#### WHAT THE TASK REQUIRES
Would you give the listing again exactly, without its images?

#### DATASET EXCERPT
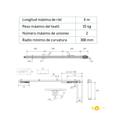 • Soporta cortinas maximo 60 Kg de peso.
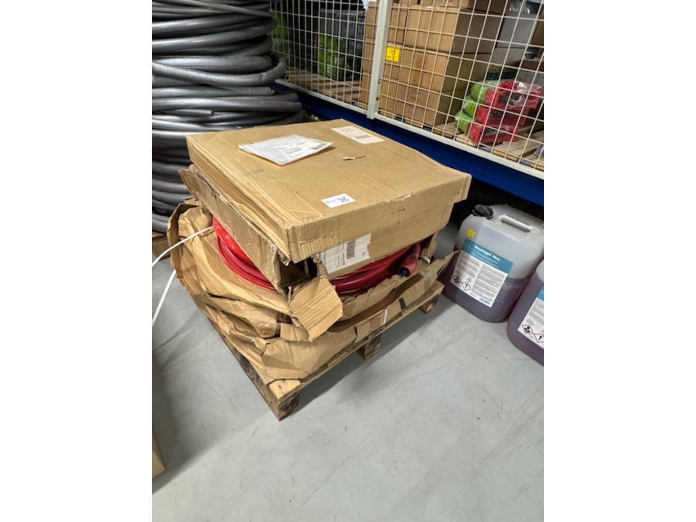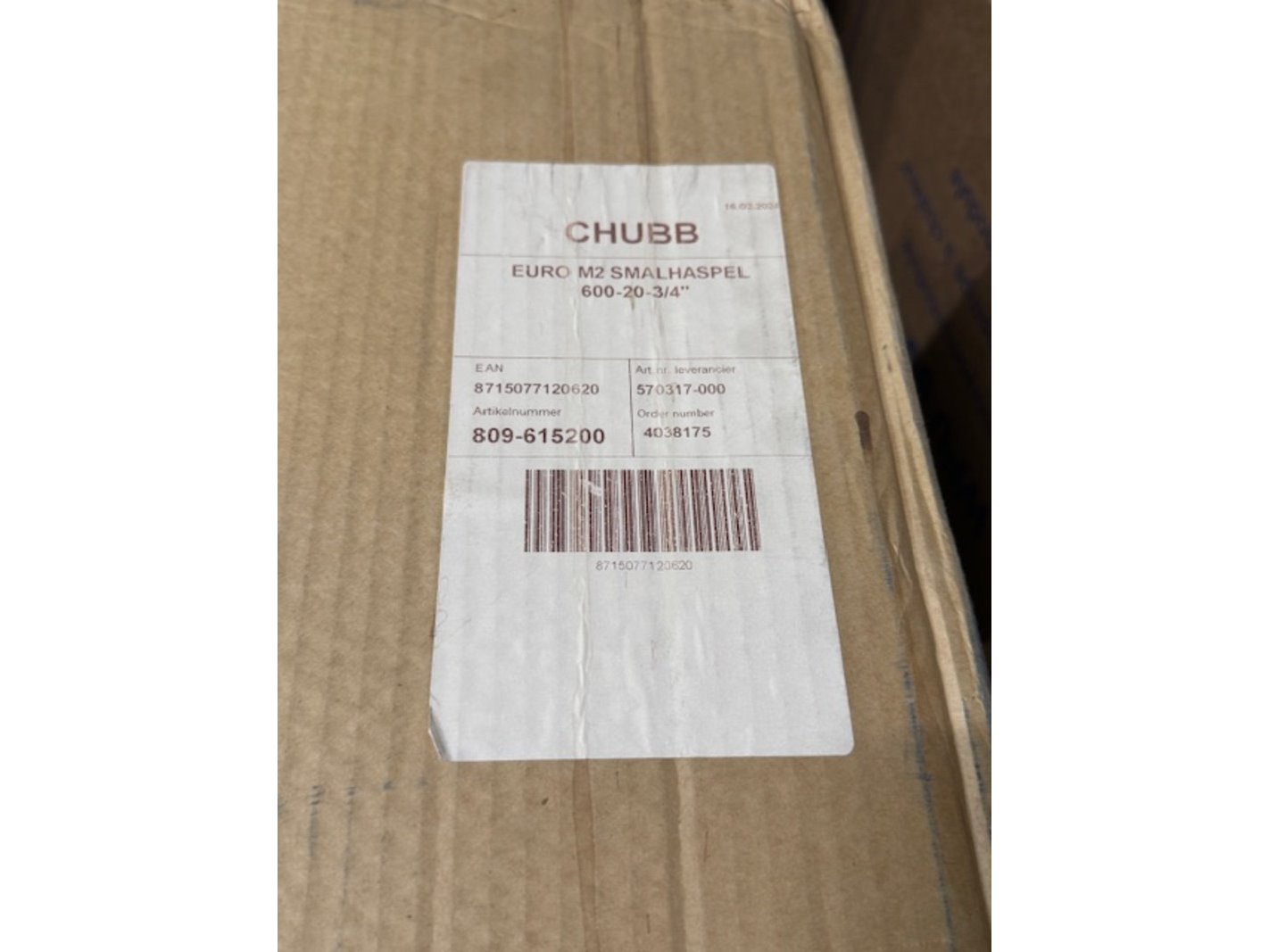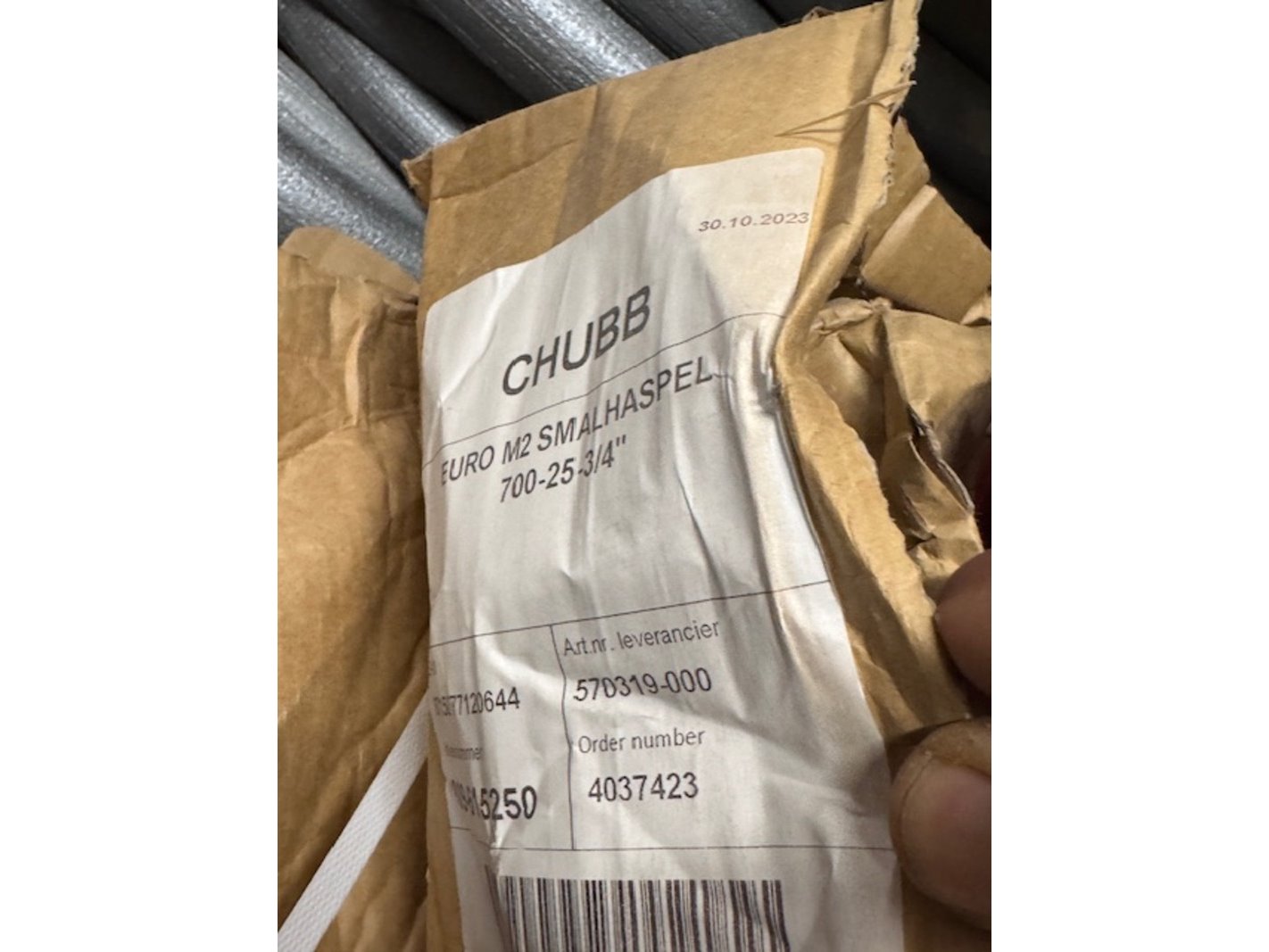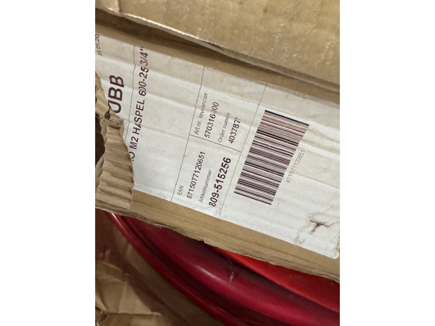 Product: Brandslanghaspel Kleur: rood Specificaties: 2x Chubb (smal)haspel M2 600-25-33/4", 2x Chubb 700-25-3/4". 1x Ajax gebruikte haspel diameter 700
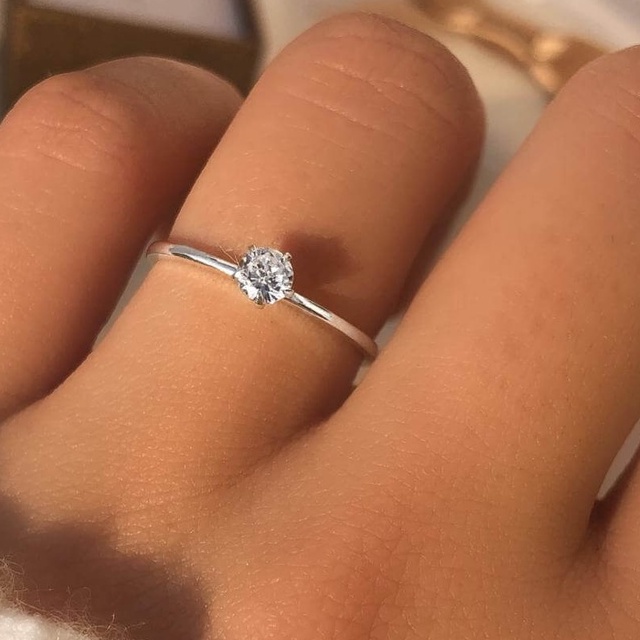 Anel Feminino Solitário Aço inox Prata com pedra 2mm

#### EXERCISE SOLUTION
 • Soporta cortinas maximo 60 Kg de peso.
 Product: Brandslanghaspel Kleur: rood Specificaties: 2x Chubb (smal)haspel M2 600-25-33/4", 2x Chubb 700-25-3/4". 1x Ajax gebruikte haspel diameter 700
 Anel Feminino Solitário Aço inox Prata com pedra 2mm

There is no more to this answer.